By way of responding to Champion's question, Harold suggeted that the real fault is the way JSR 172 allows parsers to handle (better: to refuse to handle) the document type declaration:

The sin is in forbidding the document type declaration. If they choose not to load any external entities, then that's blessed by XML. However, this does not give them freedom to reject documents that contain such things, or to drop out lexical features of XML such as default attribute values and internal entities declared in the internal DTD subset.

But surely we want XML consuming and producing applications which operate in resource-constrained environments, in which case it may make sense to exchange XML data which is also constrained to a specific subset of the full XML specification? There seems to be consensus that XML on, say, mobile phones is a good thing.

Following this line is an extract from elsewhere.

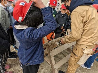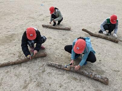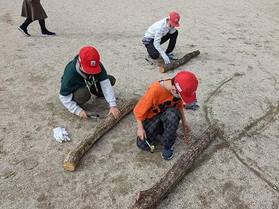子どもたちは穴に菌糸を丁寧に打ち込んでいき、スムーズに作業を進めました。とても楽しそうに作業を行いました。椎茸を食べるのは苦手だけど、自分の木から育った椎茸は食べられるかもと話す児童もいて、実施してとてもよかったと思いました。

But, as Harold again pointed out, those decisions should be reflected and implemented at the application level and not by crippling XML parsers (not, one presumes, while continuing to pretend they are still XML parsers):

This is not a decision that should be made at the parser level though. Parsers do need to process documents that contain document type declarations. No one should ship a parser that simply gives up when it encounters a document type declaration.

An application such as SOAP may decide it doesn't want to accept document type declarations, and reject documents that contain them, perhaps to avoid the billion laughs attack, perhaps for other reasons. I still think that's a bad idea, but it's not nearly as bad an idea as what's happening in JSR 172. This is turning up the subsetting a notch. Now the parser is making the decision to reject documents that contain document type declarations rather than the application using the parser. SOAP's mistake only affects SOAP. This affects everybody using that parser for any application.

In other words, insofar as JSR 172 specifies the Sun-blessed XML parser for the J2ME platform, it is inappropriate to push application and domain-specific subsetting questions down into the core XML parser for an entire platform. That is, as Harold suggests, a harmful way to make decisions about restricted profiles of XML.

There was some indication that the team responsible for JSR 172 is open to criticism from the XML development community. As Norm Walsh said,

I've spoken to the folks working on JSR 172 and I think they understand the distinctions to which Elliotte Rusty Harold alludes. They're building a SOAP processor for devices with a code footprint of something like 25kb. (*kilo*bytes). I think there's room for their spec to be clearer about the decisions they've made, why they've made them, and the ways in which the API they're exposing is intended to be used. And I think they're going to make those changes.

While the comment and review period for JSR 172 extends to 22 March, it's good to see that the people responsible for it are responsive to feedback from the community.

Because of XML's ubiquity (which is similar to Linux's ubiquity: they're both used everywhere from tiny handheld devices to big mainframes), it's not practical or smart (or even necessarily possible) to restrict it from being used in a wide range of kinds of applications and environments. But the truth-in-labeling issue is very important. If an application says that it is an XML parser, it should be able to parse XML, according to the W3C's XML Recommendation. As the XML-DEV discussion pointed out, that some XML parsers contain bugs which make them unable to parse XML always in every situation is simply a fact of computer programming life. That JSR 172, a J2ME specification for XML parsers, subsets XML in such a way as to make every conformant implementation of it unable to parse XML is a very different and more troubling problem.

As Norm Walsh said, in the message of his I quoted earlier, the issue of profiles of XML is one that is being addressed by the W3C's TAG. And at the forefront of that issue is truth-in-labeling:

Perhaps the right answer is simply to say that a processor for the subset of XML defined by "foo" should be called a "foo processor" and not an XML processor.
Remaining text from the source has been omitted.